**Records from a data collection**:
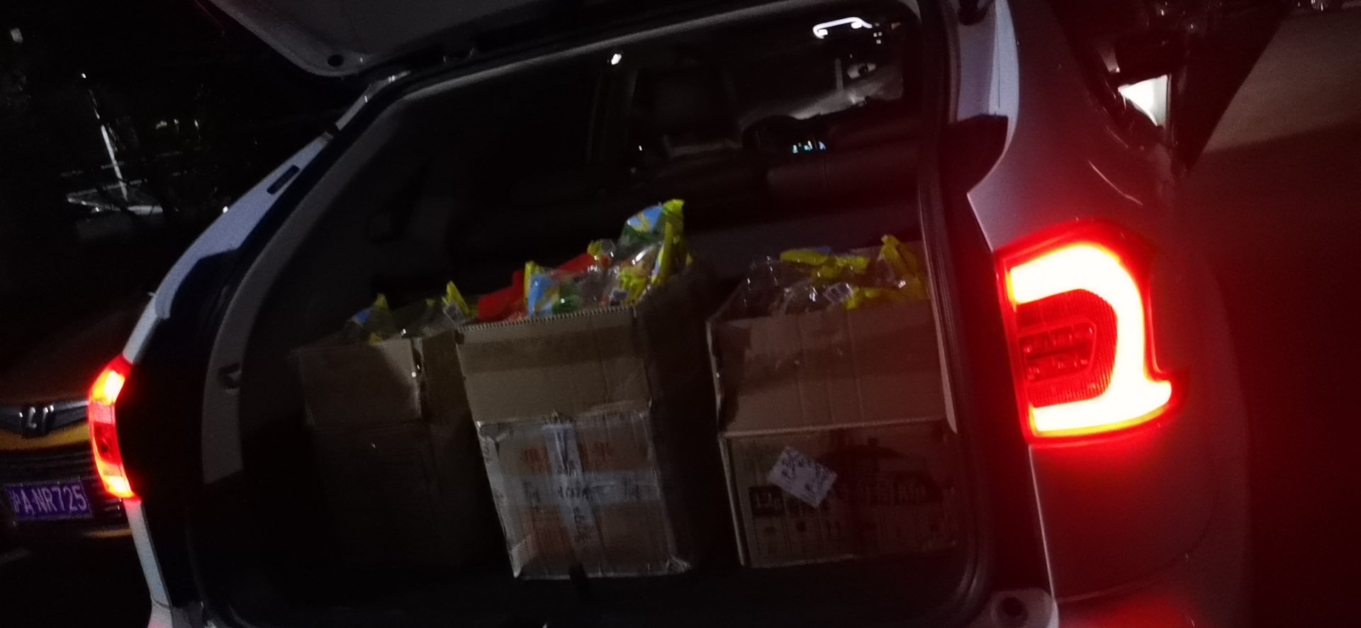 这是出发前的照片,满满三箱子零食
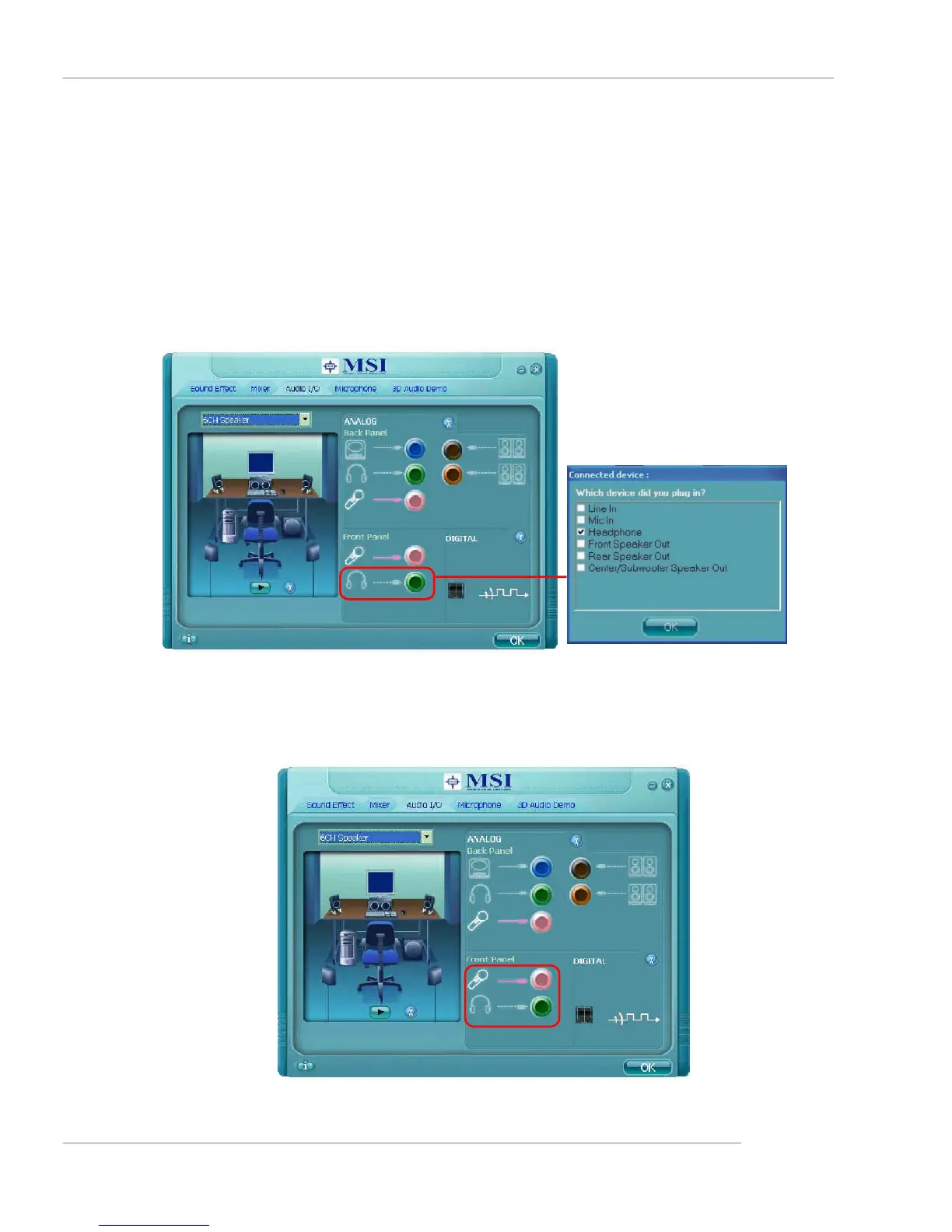 4. If you are using AC97 setting, both microphone and headphone on the front
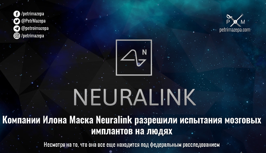 Компания Илона Маска Neuralink получила разрешение от Управления по продовольствию и медикаментам США на проведение испытания мозговых нейроимплантов на людях.
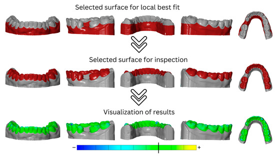 For this, the initial situation (pre-scan) was first imported as a mesh. If present, mesh errors were corrected, and subsequently, the mesh was converted into CAD as a reference model. Then, the dataset of the model after the first thermoforming cycle was imported as a mesh, and again, mesh errors were corrected if present. Then, the two imported datasets of the models were aligned in two steps. First, the automatic pre-alignment was applied, in which the mesh was pre-aligned to the CAD. The searching time was set to “normal” in the settings. In the next step, the main alignment was performed using the local best-fit method. For this purpose, the model base and the gingival areas were selected as the alignment area, and the initial situation (CAD) was defined as the target element (maximum distance was set to 1 mm). The teeth were defined as the inspection area. For the inspection, the area previously defined for alignment was restored under “local best fit” and was inverted so that the area of interest for the analysis of dimensional stability was selected. To analyze deviations between CAD and mesh, an area comparison was applied to the mesh (maximum distance was set to 10 mm). Selected surfaces that were used for local best fit and surface inspection, as well as visualization of results, are shown to be exemplary for the mandibular model in Figure 3. To visualize deviations, the minimum and maximum were displayed in color and localized using deviation flags. Unrealistically high or low deviation flags or extreme changes in the color gradient suggested errors in the mesh. If this was the case, the mesh errors were corrected via repairing, smoothing, or refining. Then, the step model was generated by importing the dataset of the model after the second thermoforming cycle as a mesh to generate the “second step” in the analysis software. For this dataset, mesh errors were corrected if present. The alignment and selection of the inspection area was automatically set in the step model as equal to the “first step”. This procedure was repeated for another dataset of the model, namely after the third thermoforming cycle as the “third step”. In every single step, the deviations of each model after thermoforming (mesh) from the initial model (CAD) were analyzed. Finally, the maximum negative deviations per analysis step were exported for each test group and transferred to a coded Excel sheet.
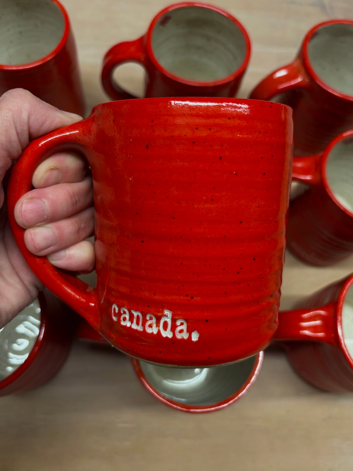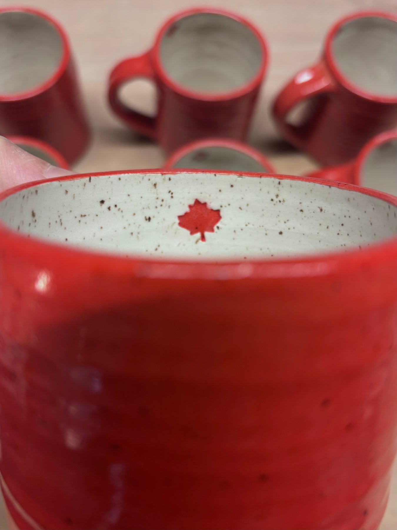 Regular price $38.00These red glazed mugs feature a Canada stamp and a white glazed interior with a tiny maple leaf so you can sip your favourite hot drinks in style. Made locally in Windsor Ontario, these mugs comfortably accommodate 10oz and are dishwasher and microwave safe.

**What needs to be done**: Your answer should be an exact copy of the entries above, with no images included.

**Solution to this problem**:
 这是出发前的照片,满满三箱子零食
 4. If you are using AC97 setting, both microphone and headphone on the front
 Компания Илона Маска Neuralink получила разрешение от Управления по продовольствию и медикаментам США на проведение испытания мозговых нейроимплантов на людях.
 For this, the initial situation (pre-scan) was first imported as a mesh. If present, mesh errors were corrected, and subsequently, the mesh was converted into CAD as a reference model. Then, the dataset of the model after the first thermoforming cycle was imported as a mesh, and again, mesh errors were corrected if present. Then, the two imported datasets of the models were aligned in two steps. First, the automatic pre-alignment was applied, in which the mesh was pre-aligned to the CAD. The searching time was set to “normal” in the settings. In the next step, the main alignment was performed using the local best-fit method. For this purpose, the model base and the gingival areas were selected as the alignment area, and the initial situation (CAD) was defined as the target element (maximum distance was set to 1 mm). The teeth were defined as the inspection area. For the inspection, the area previously defined for alignment was restored under “local best fit” and was inverted so that the area of interest for the analysis of dimensional stability was selected. To analyze deviations between CAD and mesh, an area comparison was applied to the mesh (maximum distance was set to 10 mm). Selected surfaces that were used for local best fit and surface inspection, as well as visualization of results, are shown to be exemplary for the mandibular model in Figure 3. To visualize deviations, the minimum and maximum were displayed in color and localized using deviation flags. Unrealistically high or low deviation flags or extreme changes in the color gradient suggested errors in the mesh. If this was the case, the mesh errors were corrected via repairing, smoothing, or refining. Then, the step model was generated by importing the dataset of the model after the second thermoforming cycle as a mesh to generate the “second step” in the analysis software. For this dataset, mesh errors were corrected if present. The alignment and selection of the inspection area was automatically set in the step model as equal to the “first step”. This procedure was repeated for another dataset of the model, namely after the third thermoforming cycle as the “third step”. In every single step, the deviations of each model after thermoforming (mesh) from the initial model (CAD) were analyzed. Finally, the maximum negative deviations per analysis step were exported for each test group and transferred to a coded Excel sheet.
 Regular price $38.00These red glazed mugs feature a Canada stamp and a white glazed interior with a tiny maple leaf so you can sip your favourite hot drinks in style. Made locally in Windsor Ontario, these mugs comfortably accommodate 10oz and are dishwasher and microwave safe.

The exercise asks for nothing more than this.